3 UNDERSTANDING THE DATA
The tender documentation represents the basis of any
procurement process. The structure of this kind of
document includes the quantity of goods, section
names, eligible conditions, etc. The particular content
is practically left to the entity to choose, and it is
challenging to find within these documents the
content that is relevant. In the procurement process,
the common name for a set of documents describing
the quantities, exclusion conditions, aptitude
requirements, and other relevant content is referred to
as the tender documents. The structure of the tender
documentation is not defined by the law.
Nevertheless, the Regulation on Procurement
Documents and Offers in Public Procurement
Procedures in Croatian law defines the information
that the contracting authority must provide when
announcing its tender offer (MEEC, 2017).
According to this regulation, the tender is divided
into several parts, namely the general part in which
the description of the subject of the procurement is
discussed, the section where the deadlines are given
for the beginning and end of the contract, as well as a
section with the criteria for selecting an economic
entity, i.e., the sections that are important for us to
extract any content of interest. In particular, it is
important to emphasize that the regulation defines the
contents that must be included in the tender
documentation, but not where this information is to
be located, the name of the sections, its serial number,
etc. Therefore, this presents a challenge because it is
difficult to define the boundaries and extract the
content. The total amount of procurement procedures
that included the tender documentation was
approximately 15,000, of which 4096 tenders ended
with only one bid and 11704 tenders ended with more
than one, with the average document size being
200kb. In our previous study, the amount of extracted
text from all procedures was 21Mb, and now, after
using our new approach, the size of the extracted text
for all of the documents was approximately 10 times
greater in size (213Mb).
4 DATA PREPROCESING
In the case of automatic data retrieval, it is possible to
create various web scraping scripts that automatically
download the documents contained on the pages. This
method is difficult to use for the Electronic Public
Procurement Classifieds of Croatia, from which the
data was retrieved. In particular, the system does not
provide the direct links to the documents, but
generates a link on the flow because the data are in a
database, and not in a file system.
Moreover, the system requires additional
authorization for downloading documents. For this
reason, business/process owners (Official Gazette)

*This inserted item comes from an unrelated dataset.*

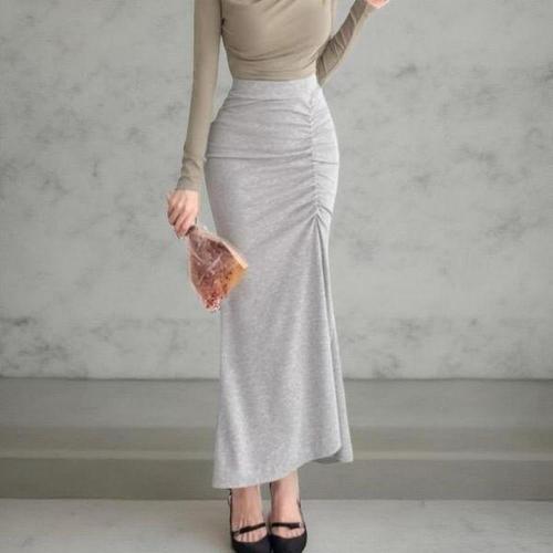 [다잇템]여성 롱 원컬러 인어공주 핀턱 스커트

are asked for documentation. They gave us files in
several different types of unstructured documents,
and we found various documents in .doc, .docx, .pdf,
.pwt, and .zip formats. Since our goal is to extract the
content from the documents, it is necessary to convert
the documents into the desired format and to develop
a Python script for this activity (Figure 2).
Specifically, the .docx format is a form of
structured document and is easy to read in the Python
programming language, so the documents in the .doc
type format were converted to docx format using the
Python pywin32 for Windows extension or the
win32com library. The documents for all of the
procurements are stored in one folder, so we created
a loop that converts each document to docx format
and immediately deletes the old document since we
no longer need it. The contents of the .pdf documents
were extracted directly by the script.
Figure 2: Doc to Docx format type converter.
Improving Public Sector Efficiency using Advanced Text Mining in the Procurement Process
203
Still, several pdf documents were in an
unreadable pdf format, namely those from a
documentation scan and are images stored in pdf, so
we did not look at these particular documents. Even
so, there was a small number of such documents, and
it is possible to use the OCR process to convert the
images from the file into text content. All zipped
documents could not be properly sorted, as different
types of unlabeled documents were contained within
the zip files. Therefore, it was impossible to detect the
bidding documents, and they were excluded from
further processing.
5 MODELING AND
EVALUATION
After converting all the bidding documents to the
docx format, we started extracting the specific
content needed for our prediction model. Since the
documents were unstructured and their format is not
defined by any law or regulation but depends on the
choice of the user, it is not possible to automatically
find and extract exactly the parts or sections that
relate to technical and professional ability or to any
eligible conditions. Therefore, the challenge was to
define the boundaries. Having examined several
hundred examples of the bidding documents, the
empirical conclusion was that each of them contained
a content related to technical and professional ability
or eligibility criteria, and the number of words
contained varied from 300 to 10,000 words (and in
some cases were even more). In addition to extracting
the entire sections, there was also a challenge in
finding any content that presents some conditions and
may affect the outcome of the procurement process,
rather than being directly related to a particular
section.
One approach to solving this problem is to find
every occurrence of the “technical and professional
trigram, but this approach produces very few results,
especially since there may be conditions within the
different sections that can significantly affect the
outcome of the procurement process. Interviews with
experts in the field of the public procurement process
revealed that there is a group of words that is very
important for our study. Compared to the extraction
of the trigram (technical and professional), the
number of retrieved contents has increased over three
times. For this purpose, the following list of terms
have been identified and searched for from the entire
corpus:
termList = ['minimum', 'maximum', 'requirement',
'expertise', 'certificate', 'qualification', 'minimum',
'highest', 'total', 'evidence', 'technical and expert ', …]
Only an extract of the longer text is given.